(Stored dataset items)
- Opening Delimiter -

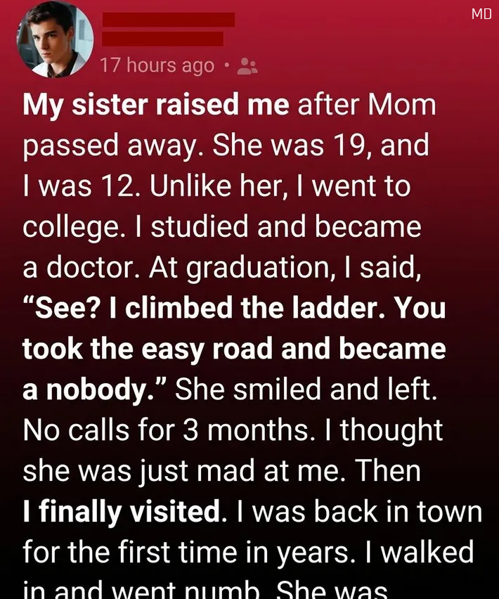 As the years passed, our paths slowly began to diverge. I focused on my studies, determined to build a different life. With her quiet support behind the scenes, I made it to college, then medical school. Each milestone felt like a victory, but I rarely stopped to consider who had made those victories possible. By the time I graduated, I had become someone I once only dreamed of being. In a moment meant to celebrate, I said something careless—words that were shaped by pride instead of gratitude. She didn’t argue. She simply smiled, a calm, unreadable expression, and walked away.
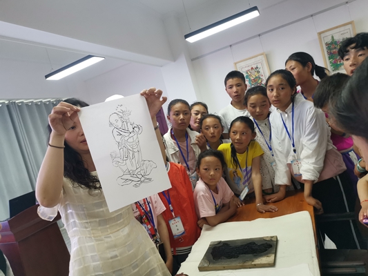艺术系刘静瑜老师教同学们制作绵竹年画
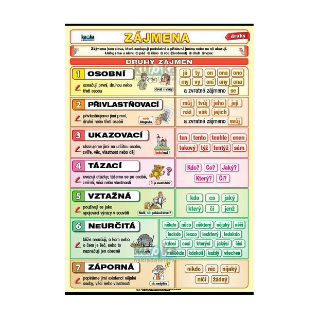Nástěnný obraz pro výuku českého jazyka - druhy zájmen - vhodný pro všechny typy škol i k domácímu využití.
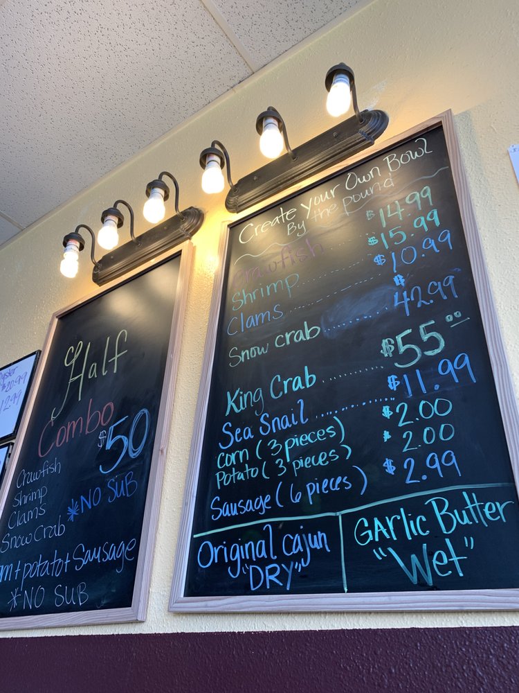 King crab with choice of Garlic Butter House Sauce or Dry Cajun Rub. Spice levels from Little Spicy to Dragon Breath.
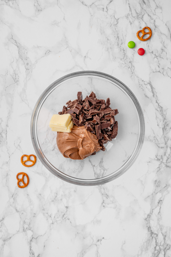 Add the chocolate chips, peanut butter, and unsalted butter to a microwave-safe bowl. Microwave in 30-second intervals, stirring between each, until completely melted and smooth.
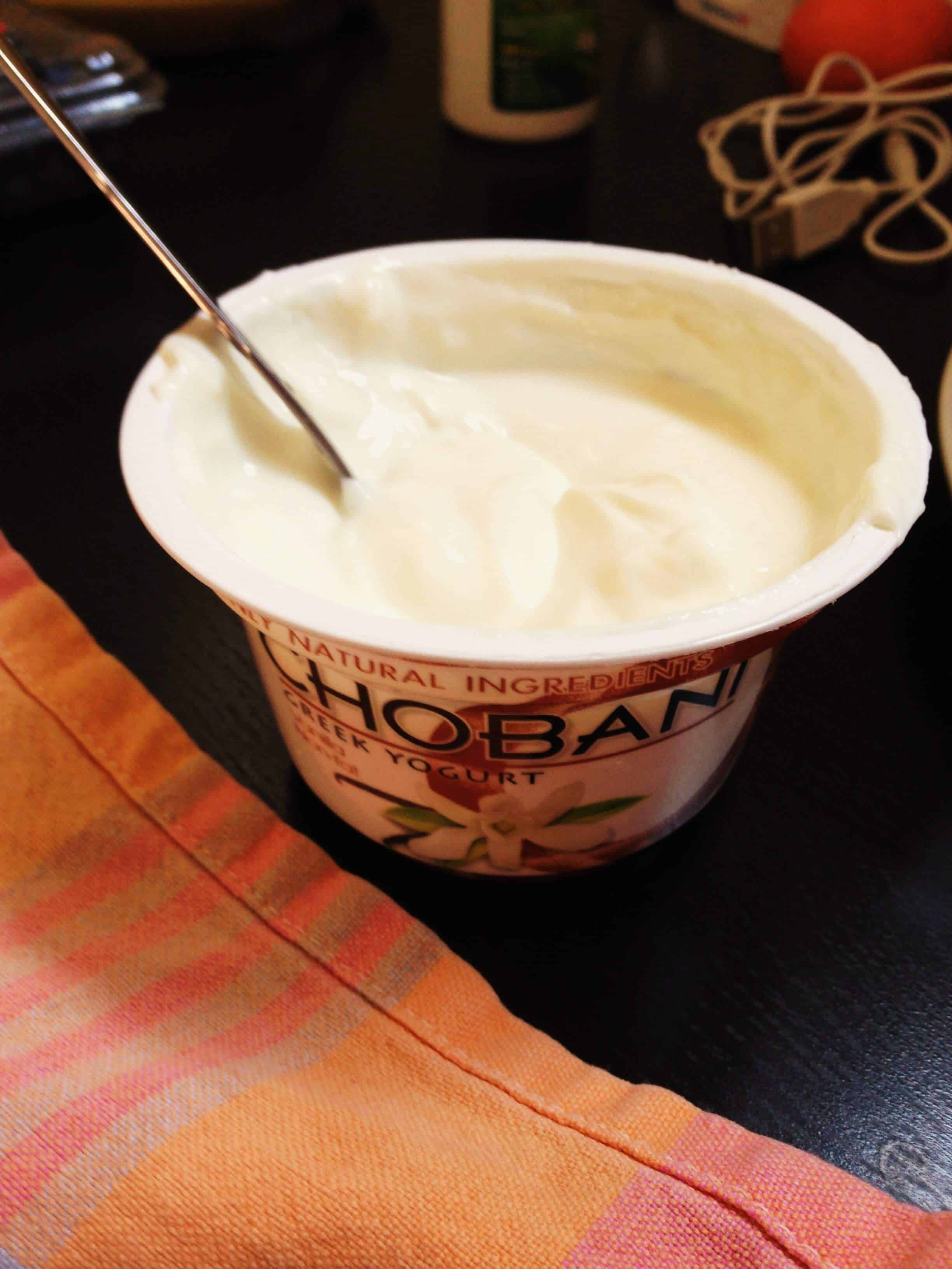 所以我洗掉我的蓝莓,并开始!我用蓝莓的一品脱和香草酸奶chobani一个容器。
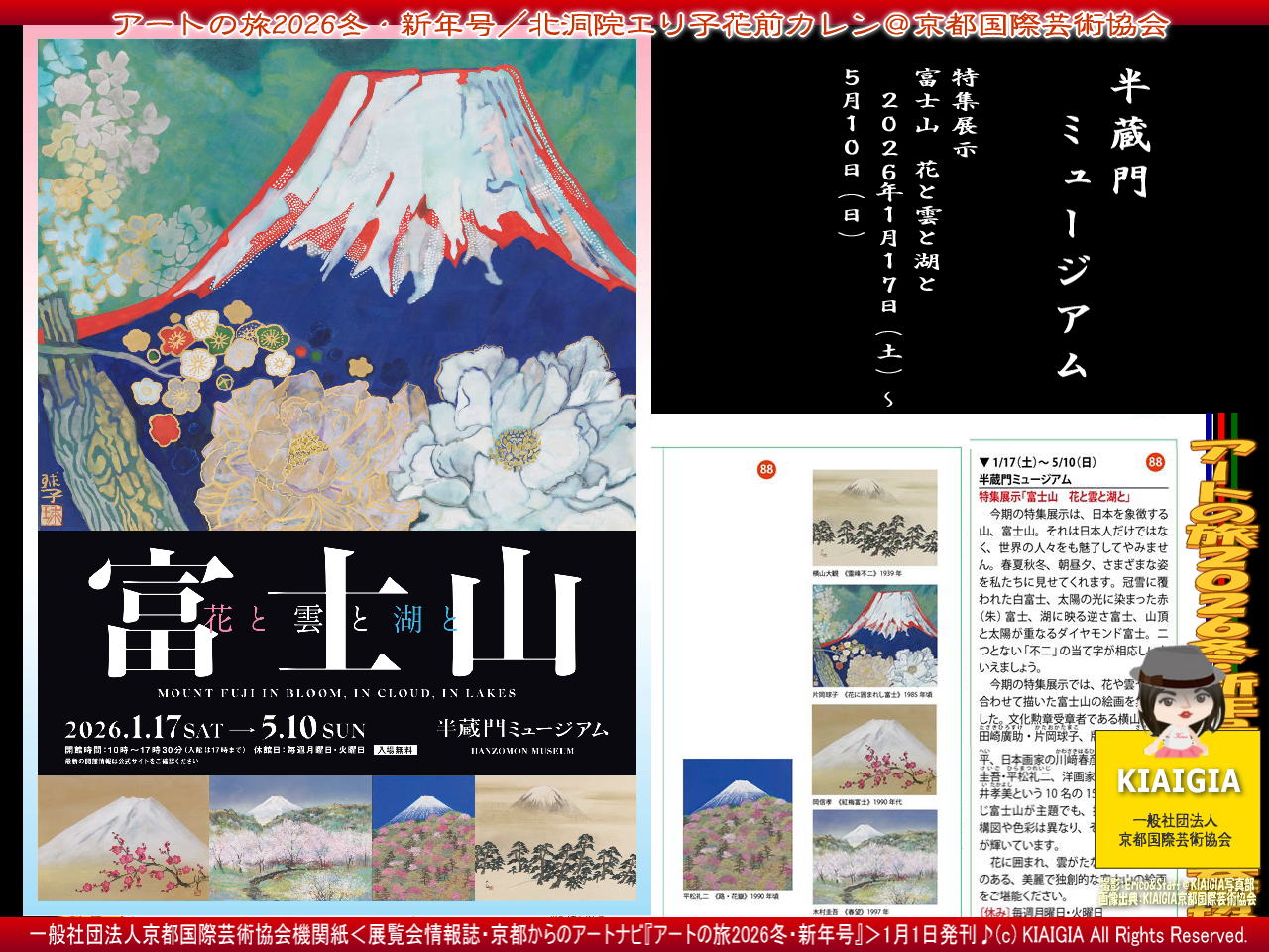 はなさき かれん)が今回出版した「アートの旅2026冬・新年号」の記事から独断でチョイスしたページは、<特集展示 「富士山 花と雲と湖と」>で半蔵門ミュージアムで開催されている展覧会です。

- Closing Delimiter -

▶ **Exercise**:
Only one thing is wanted here, an exact copy of the lines from the first line above through the line containing "King crab with", minus any picture.

▶ **Reply to the task**:
 As the years passed, our paths slowly began to diverge. I focused on my studies, determined to build a different life. With her quiet support behind the scenes, I made it to college, then medical school. Each milestone felt like a victory, but I rarely stopped to consider who had made those victories possible. By the time I graduated, I had become someone I once only dreamed of being. In a moment meant to celebrate, I said something careless—words that were shaped by pride instead of gratitude. She didn’t argue. She simply smiled, a calm, unreadable expression, and walked away.
艺术系刘静瑜老师教同学们制作绵竹年画
Nástěnný obraz pro výuku českého jazyka - druhy zájmen - vhodný pro všechny typy škol i k domácímu využití.
 King crab with choice of Garlic Butter House Sauce or Dry Cajun Rub. Spice levels from Little Spicy to Dragon Breath.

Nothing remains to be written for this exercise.